**AIM OF THE EXERCISE:** Your response is a verbatim copy of the listing, stripped of its images.

**EXERCISE DATA:**
────────
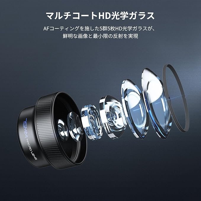 【優れた光学構造】HD光学ガラスは、5群5枚レンズ構成で、レンズのグレア、反射、ゴーストを最小限に抑え、優れた透明度を実現します。多重保護コーティングにより、水、指紋、傷に強いです。コンテンツクリエイターやインフルエンサーにとってにとって必要なアクセサリーキットとして、レンズアタッチメントとして最適です。クリーニングクロスも付属しています。
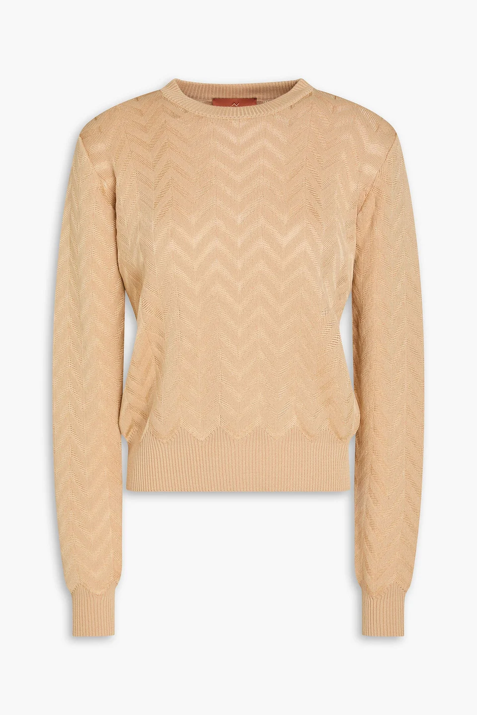 Sweater zigzag design crochet-knit cotton-blend ribbed trims slips on mid-weight knit dry clean matching pants also available made in italy 52% Cotton 46% Viscose 1% Elastane 1% Polyamide Product Code 46376663163059286
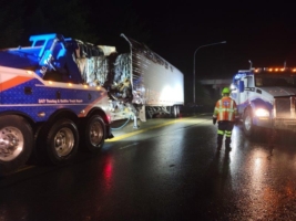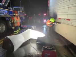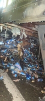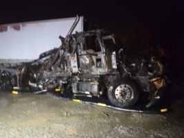 In this incident, on November 29, 2021, a truck and trailer carrying a full load of ice cream caught fire and burnt up. The boxes of ice cream and the melted ice cream ended up all over the road.
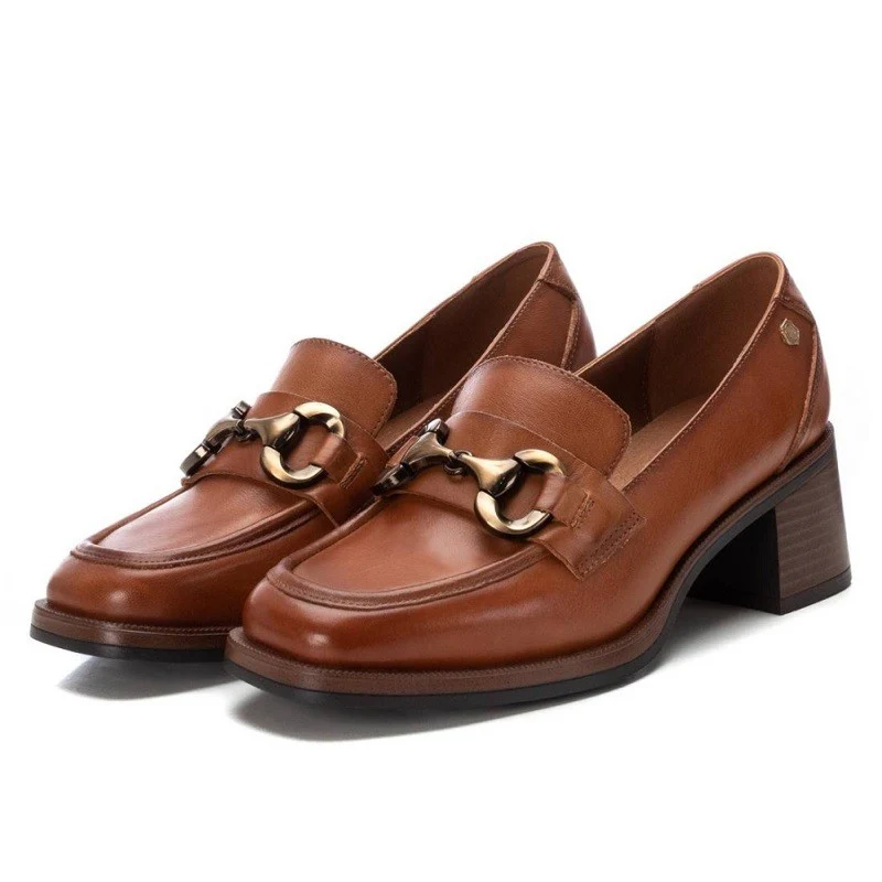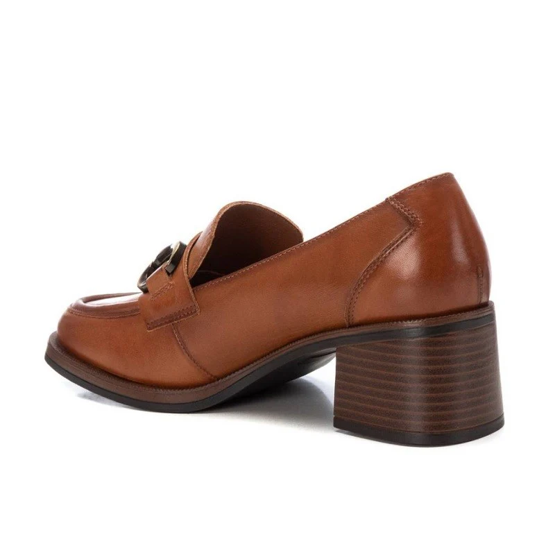 Mocasín de mujer, de la marca Carmela. Fabricado en piel de alta calidad. Antifaz en el frente con hebilla metálica decorativa
────────
**RESPONSE TO THE TASK:**
 【優れた光学構造】HD光学ガラスは、5群5枚レンズ構成で、レンズのグレア、反射、ゴーストを最小限に抑え、優れた透明度を実現します。多重保護コーティングにより、水、指紋、傷に強いです。コンテンツクリエイターやインフルエンサーにとってにとって必要なアクセサリーキットとして、レンズアタッチメントとして最適です。クリーニングクロスも付属しています。
 Sweater zigzag design crochet-knit cotton-blend ribbed trims slips on mid-weight knit dry clean matching pants also available made in italy 52% Cotton 46% Viscose 1% Elastane 1% Polyamide Product Code 46376663163059286
 In this incident, on November 29, 2021, a truck and trailer carrying a full load of ice cream caught fire and burnt up. The boxes of ice cream and the melted ice cream ended up all over the road.
 Mocasín de mujer, de la marca Carmela. Fabricado en piel de alta calidad. Antifaz en el frente con hebilla metálica decorativa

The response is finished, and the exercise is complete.